# SketchUp for Woodworkers



## SketchUp Guru (10 Dec 2005)

Greetings all.

I've started a little website as a place to keep some SU tutorials I've put made to show other woodworkers how to get more out of the software.

This site is far from complete but I'll continue to add to it. If there's anything you'd like to see in the way of tutorials feel free to let me know.

There's nothing for sale but if you are feeling generous, you can send me money. See that slot on the front of your computer? Just slide a couple of large bills in there. 

SketchUp for Woodworkers


----------



## SketchUp Guru (10 Dec 2005)

By the way, if you don't have SketchUp but would like to see the tutorials, you can download a free viewer from SketchUp. Click their logo at the top of my page and you can get it.

Oh, and in case anyone wonders, I don't get anything from SketchUp except enjoyment from using it. They aren't paying me anything for this.


----------



## aldel (10 Dec 2005)

Hi Dave,
That's a great idea. I have gone to your site but can't open any of your drawing links yet though.


Thanks, aldel


----------



## wizer (10 Dec 2005)

thanks very much Dave

=D>


----------



## SketchUp Guru (10 Dec 2005)

Aldel, will you try again? They do require that you have SketchUp on your computer (or the viewer) to see them.


----------



## wizer (10 Dec 2005)

Dave the links to the files are directed to your PC, not your webserver. You need to change the file locations.


----------



## SketchUp Guru (10 Dec 2005)

Oops!  My bad. It should be fixed now.

Sorry about that.


----------



## aldel (10 Dec 2005)

Dave 

Three are now working, just the router flute drawing link to fix now.
Great stuff, 
Thanks.

Aldel


----------



## Woody Alan (10 Dec 2005)

Dave

Seriously useful stuff, thanks very much

Alan


----------



## SketchUp Guru (10 Dec 2005)

Thanks guys. I think it is all fixed now.

Dave


----------



## Chris Knight (10 Dec 2005)

Dave,
That is really useful, thanks very much.


----------



## devonwoody (11 Dec 2005)

Thanks DaveR for your posting and links. I was able to download the viewer and all tutorials (which worked OK for me) .
Tried to download the 7 day trial but cannot find anything apart from the viewer again in a Last yellow folder. Mind you at a price of £315 I think at my age I will stick to the brown envelopes system I have always used.


----------



## SketchUp Guru (11 Dec 2005)

DW, I know the software isn't cheap but it is less than alot of the full-fledged 3D CAD softwareout there. I guess nothing can beat the back of a brown envelope for cheap.

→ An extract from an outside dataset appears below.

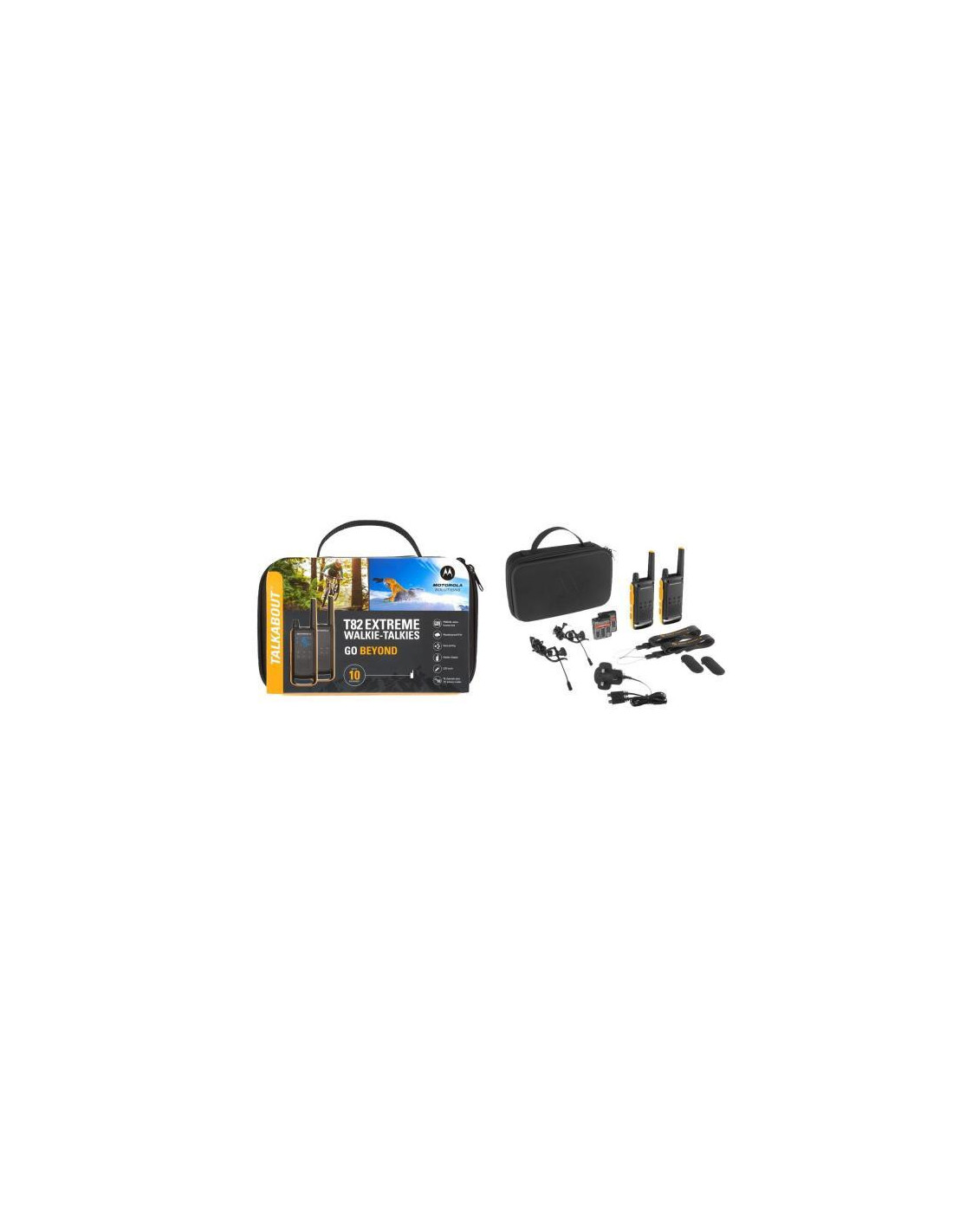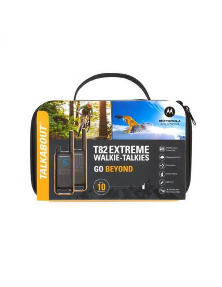 O walkie-talkie Motorola T82EX, com o código MPN 59T82EXPACK, é uma solução de comunicação PMR (Private Mobile Radio) robusta e versátil, perfeita para uso pessoal e profissional. Com 16 canais e 121 subcanais CTCSS, oferece uma ampla gama de frequências para uma comunicação clara e eficiente, minimizando interferências e garantindo privacidade. A sua capacidade de comunicação em áreas extensas é garantida por um alcance máximo de 10.000 metros.

If you do go for it, you'll find the learning curve quite short and the software pretty intuitive to use.

The worst part about it is that to orbit around your drawing in SU, you hold the mouse wheel down. I find myself trying to use that function to orbit around photos in other software. :roll:


----------



## tim (11 Dec 2005)

Thanks Dave - helpful indeed

DW - the only trial available that I know of is 8 hours. if you go to http://www.sketchup.com/ and click on the big red button saying 'download sketchup' - you'll be away!

Cheers

Tim


----------



## devonwoody (11 Dec 2005)

tim":mv1n0rab said:


> Thanks Dave - helpful indeed
> 
> DW - the only trial available that I know of is 8 hours. if you go to http://www.sketchup.com/ and click on the big red button saying 'download sketchup' - you'll be away!
> 
> ...



Yes Tim I did, but I dont know where its gone! (downloaded OK .then did the install but the only thing I can find is a viewer).


----------



## superunknown (11 Dec 2005)

Thank you Dave, excellent stuff


----------